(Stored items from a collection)
⟨

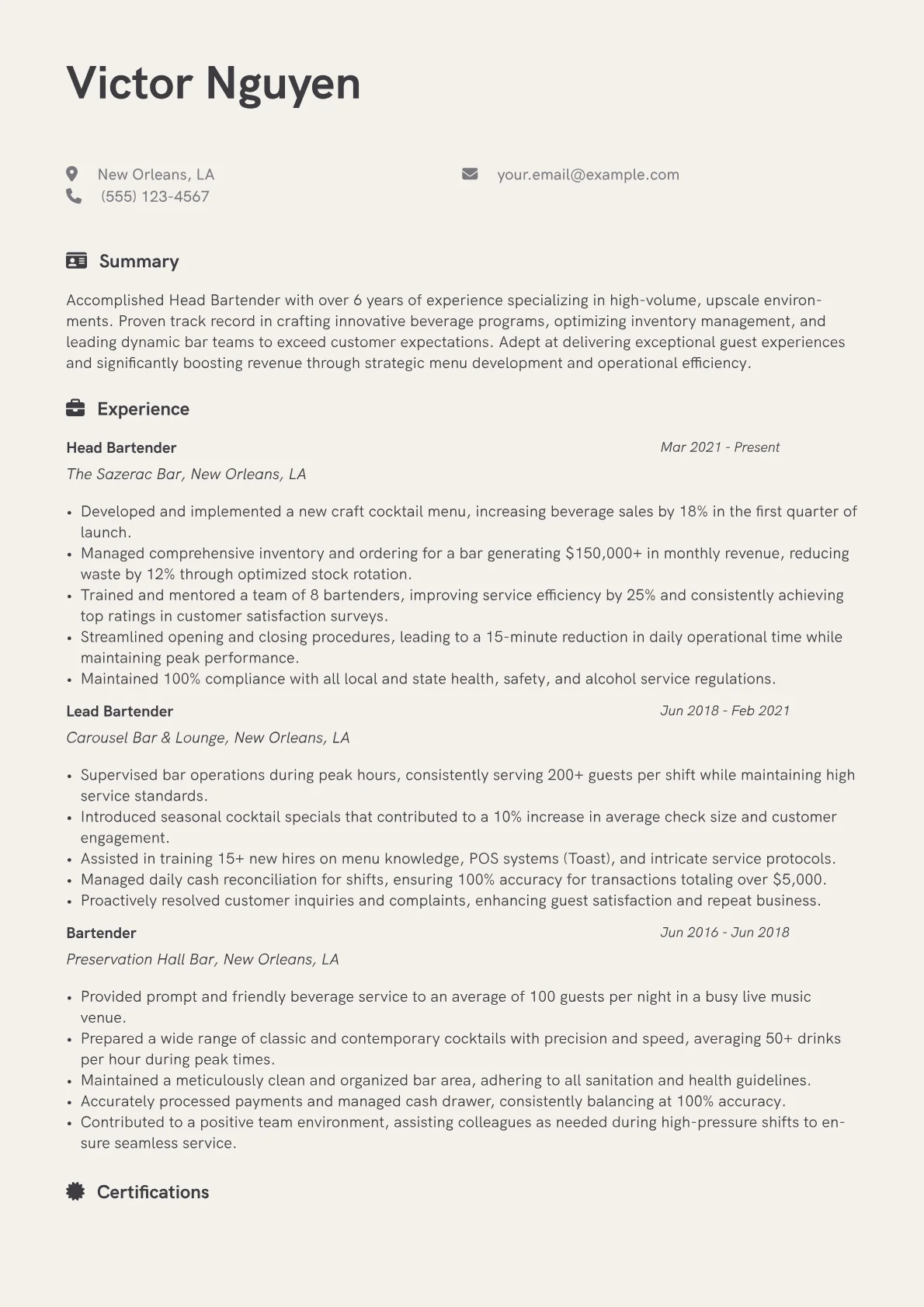 This JobSprout example skillfully highlights these crucial aspects. Achievements are quantified, such as "increased quarterly bar sales by 18% through a revamped cocktail program" or "reduced inventory discrepancies by 15%." Skills are thoughtfully grouped into categories like "Bar Operations & Leadership," encompassing vendor relations, scheduling, and staff development, alongside "Mixology & Service Excellence," detailing signature drink creation and advanced spirit knowledge. Key certifications, including TIPS and ServSafe, are clearly presented, ensuring compliance and professionalism are immediately evident.
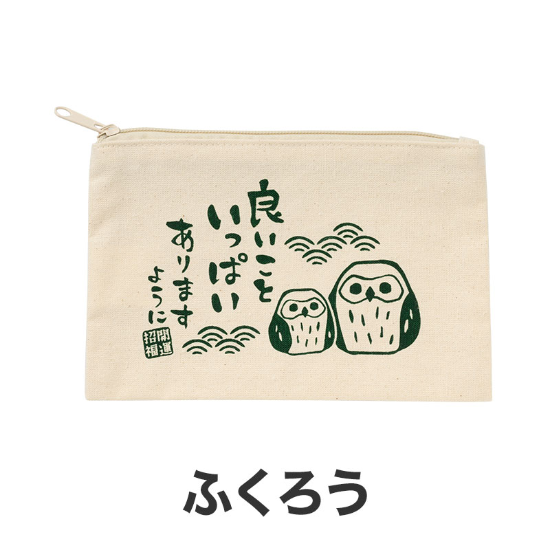 だるま・まねきねこ・ふくろうの3種アソートで、で、縁起の良いモチーフとともに「良いこといっぱいありますように」のメッセージをプリント。
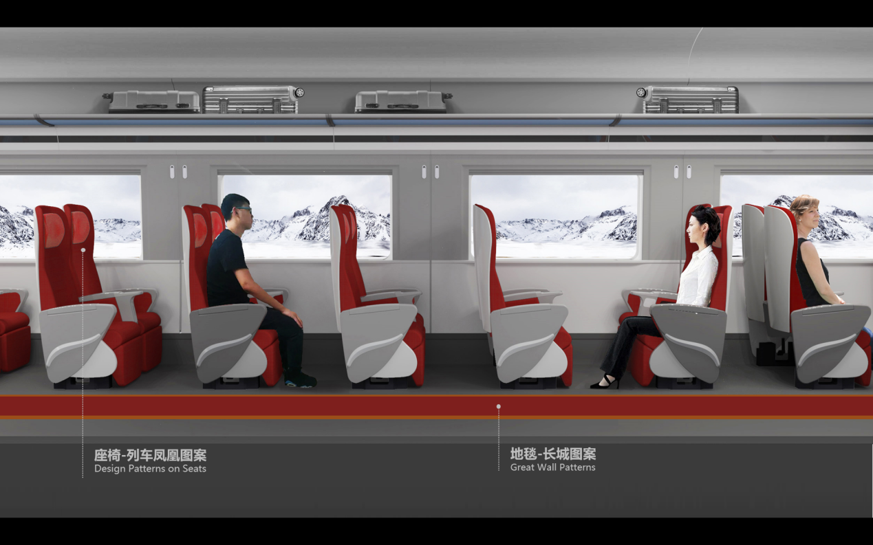 评审会中,“京张高铁列车车厢空间视觉设计技术研究”子课题负责人张野老师汇报了研究成果,详细向与会专家讲解了子课题任务和完成情况。从分析京张高铁与冬奥相关文化类型分析出发,基于工业设计双钻模型,构建起文化向列车载体转译设计的理论,提出了完整系统的京张高铁设计美学与文化生成对应机制研究成果,并介绍了九套冬奥主题京张高铁列车涂装及车厢内部空间创意设计方案设计。
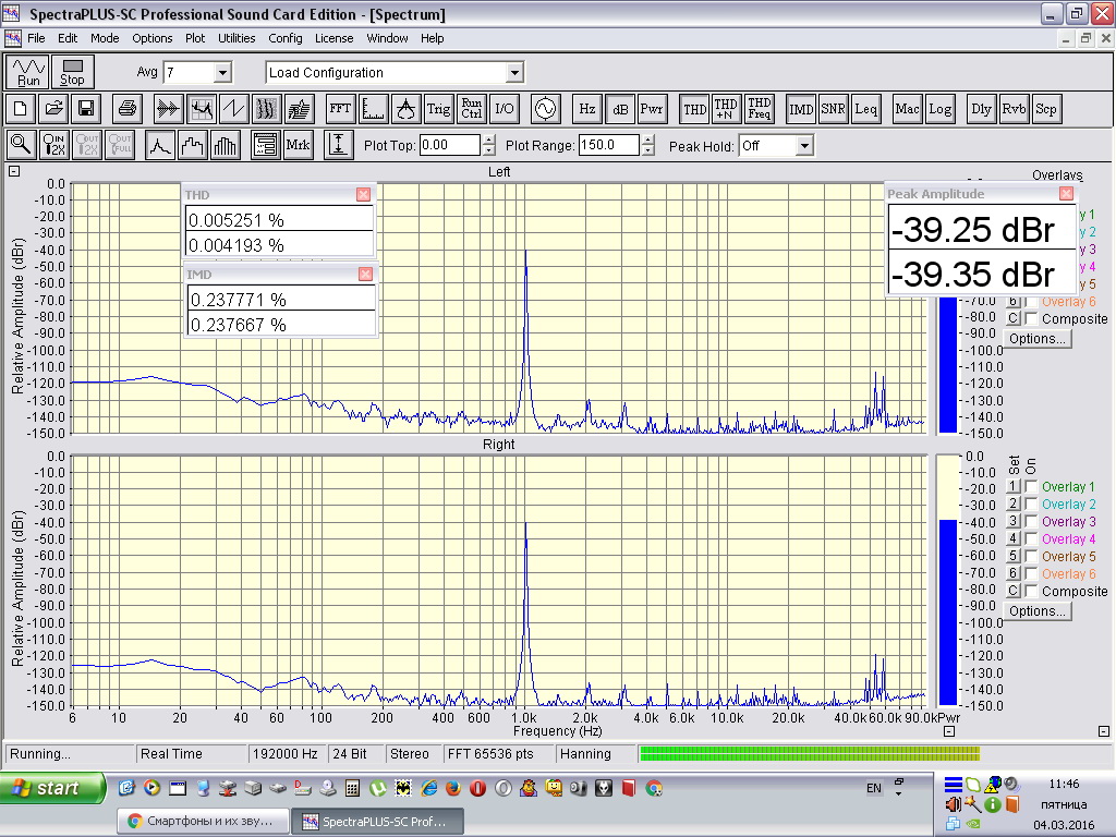 Да просто мерилка включена постоянно, я не вникал но имд там не совсем корректно смотриться. Тема к тому что зачем ныне собирать железные генераторы для изиериловки. Телефон довольно неплохо генерируеи и никаких составляющих сети. Промерил выходы хуавей самый слабый 160мв, но самый качественный звук, сони около 280, самсунг 350 но качество слабенькое. Кстати карте EMU1212 по качеству уступают не сильно где то в 2-3 раза при тех же 0,00.. , но чище. Наконецто под андроид попалась удобная и адекватная программка гена. Даже меандр генерирует похоже
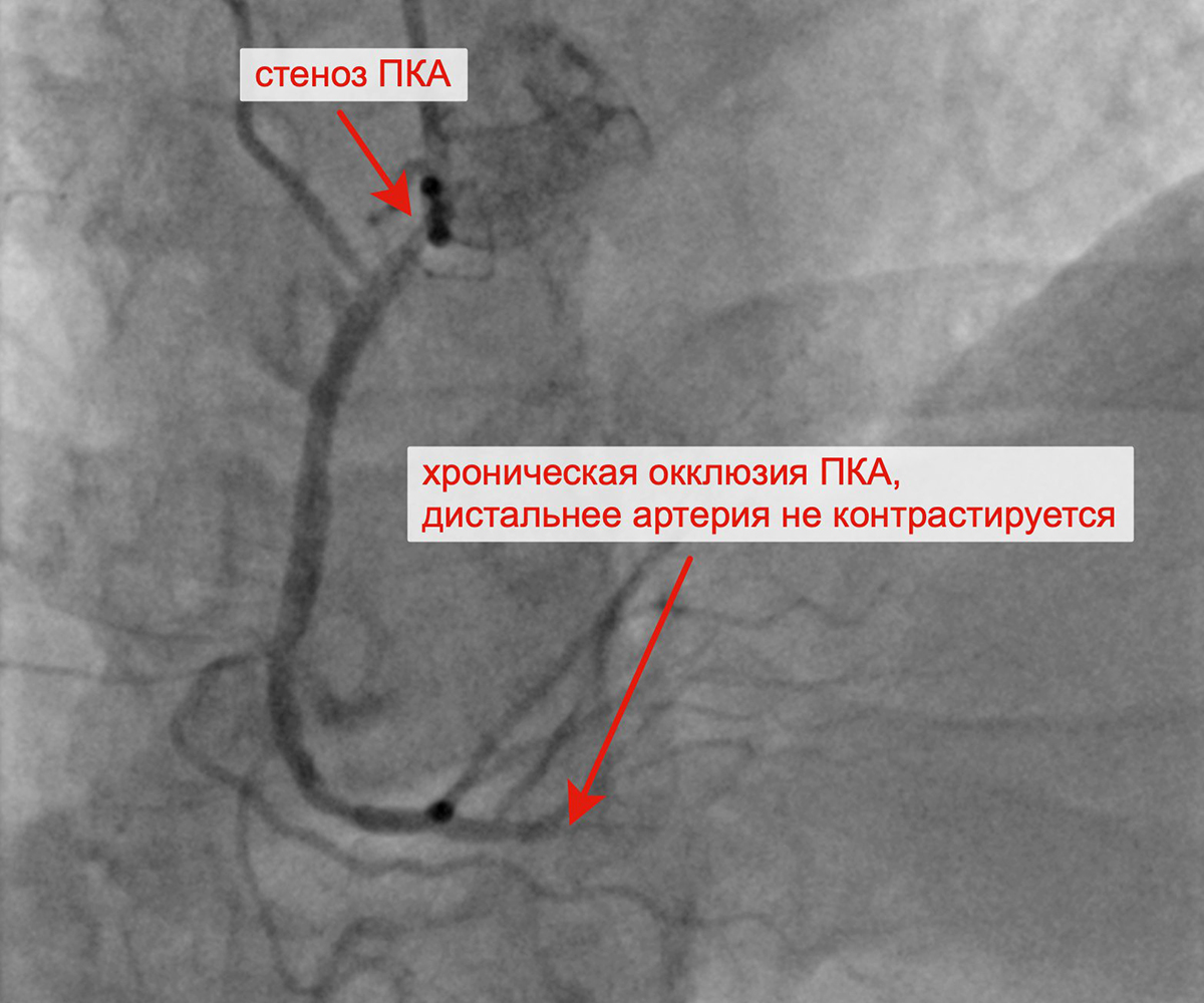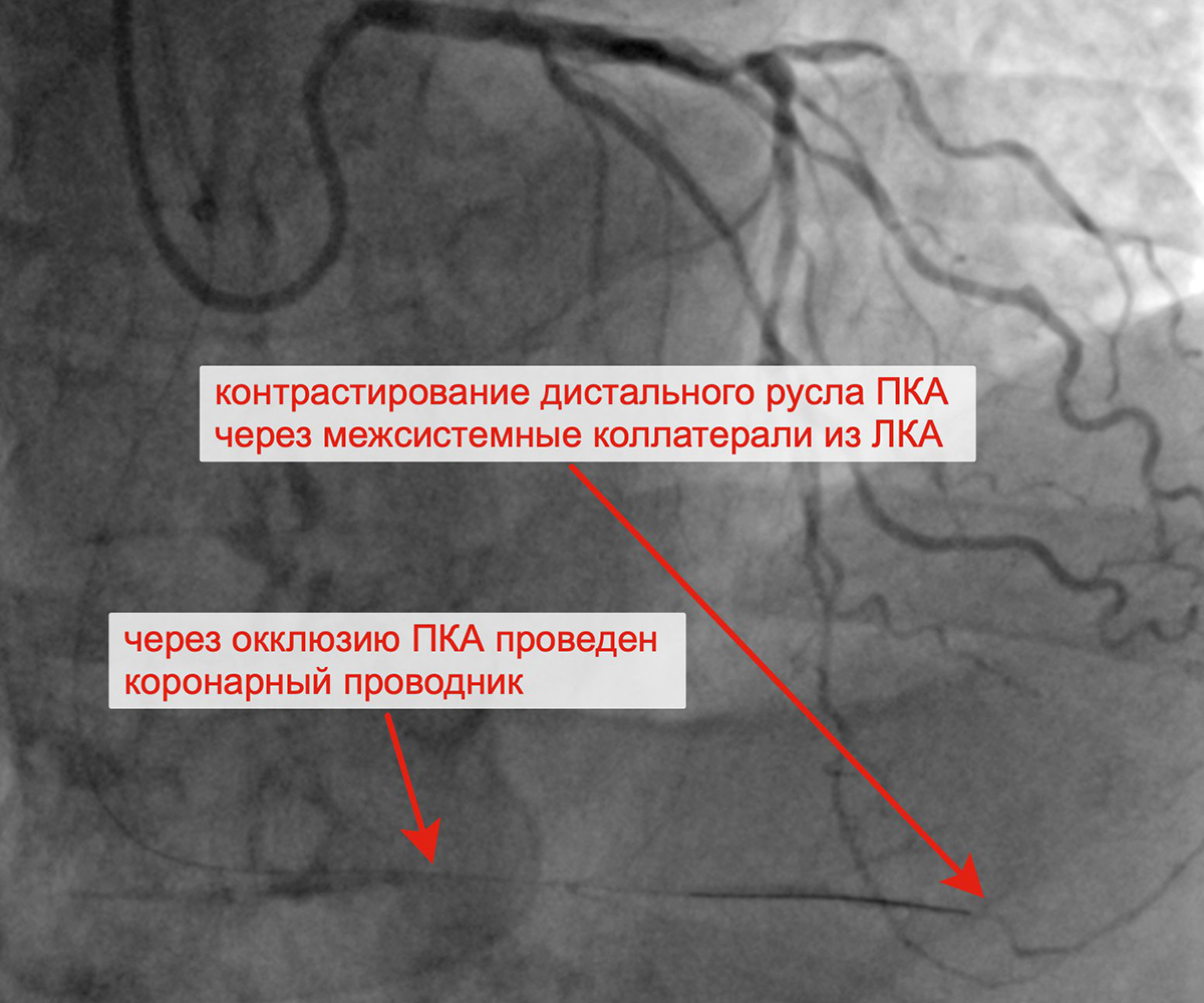 Хроническая окклюзия правой коронарной артерии Реканализация ПКА с контрастированием дистального русла

⟩

REQUIRED ACTION: Leave the pictures out, and restate exactly the lines from the start of the records through the one that contains "だるま・まねきねこ・ふくろう".

EXERCISE ANSWER:
 This JobSprout example skillfully highlights these crucial aspects. Achievements are quantified, such as "increased quarterly bar sales by 18% through a revamped cocktail program" or "reduced inventory discrepancies by 15%." Skills are thoughtfully grouped into categories like "Bar Operations & Leadership," encompassing vendor relations, scheduling, and staff development, alongside "Mixology & Service Excellence," detailing signature drink creation and advanced spirit knowledge. Key certifications, including TIPS and ServSafe, are clearly presented, ensuring compliance and professionalism are immediately evident.
 だるま・まねきねこ・ふくろうの3種アソートで、で、縁起の良いモチーフとともに「良いこといっぱいありますように」のメッセージをプリント。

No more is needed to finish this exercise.